PROBLEM TO SOLVE. Will you write out the data exactly, excluding every picture?
-- DATASET EXTRACT follows --
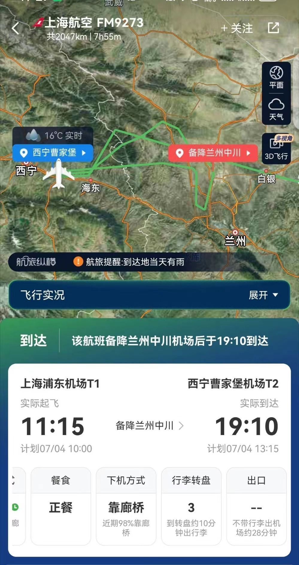据段先生介绍,协商解决方案时,在他们的再三要求下,东航工作人员才同意帮他们打车前往目的地。最终,他们于19时左右乘上网约车,22时左右抵达目的地西宁。
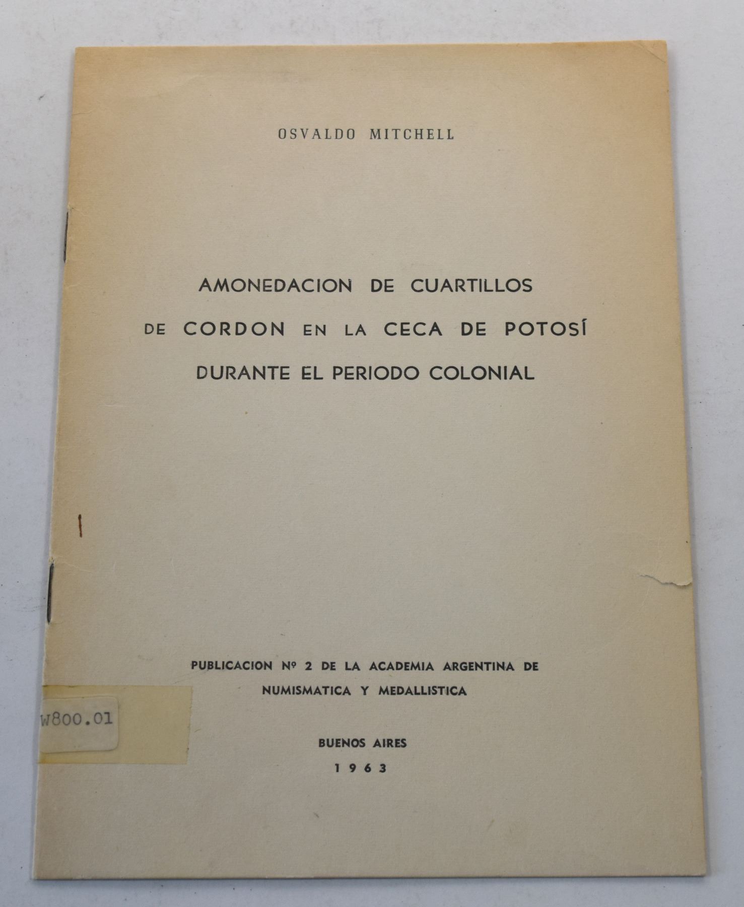 (1) Amonedacion de Cuartillos de Cordon en la Ceca de Potosi Durante el Periodo Colonial by Mitchell, Osvaldo; La Academia Argentina de Numismatica y Medallista; 1963; 7p; 8vo; Softcover; illus.; Publicacion No. 2.
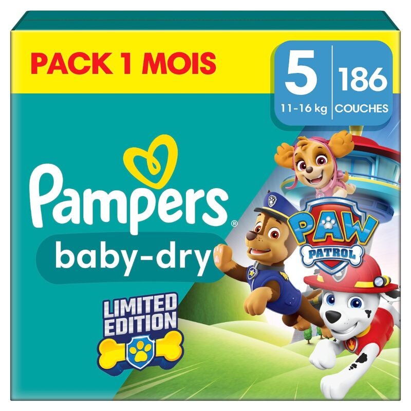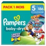 Pampers Baby-Dry Paw Patrol Edition Große 5, 186 Windeln, 11kg-16kg, Bis zu 100% Auslaufsicher & Komfortable Nacht
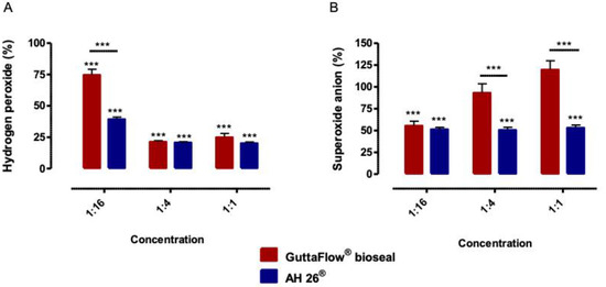 GuttaFlow® bioseal led to a decrease of hydrogen peroxide production to 74.66 ± 4.49% (p < 0.001), 21.36 ± 0.93% (p < 0.001) and 24.86 ± 3.75% (p < 0.001), for the concentrations of 1:16, 1:4 and 1:1 respectively, as observed in Figure 4.
-- DATASET EXTRACT concluded --
SOLUTION FOR THIS EXERCISE.
据段先生介绍,协商解决方案时,在他们的再三要求下,东航工作人员才同意帮他们打车前往目的地。最终,他们于19时左右乘上网约车,22时左右抵达目的地西宁。
 (1) Amonedacion de Cuartillos de Cordon en la Ceca de Potosi Durante el Periodo Colonial by Mitchell, Osvaldo; La Academia Argentina de Numismatica y Medallista; 1963; 7p; 8vo; Softcover; illus.; Publicacion No. 2.
 Pampers Baby-Dry Paw Patrol Edition Große 5, 186 Windeln, 11kg-16kg, Bis zu 100% Auslaufsicher & Komfortable Nacht
 GuttaFlow® bioseal led to a decrease of hydrogen peroxide production to 74.66 ± 4.49% (p < 0.001), 21.36 ± 0.93% (p < 0.001) and 24.86 ± 3.75% (p < 0.001), for the concentrations of 1:16, 1:4 and 1:1 respectively, as observed in Figure 4.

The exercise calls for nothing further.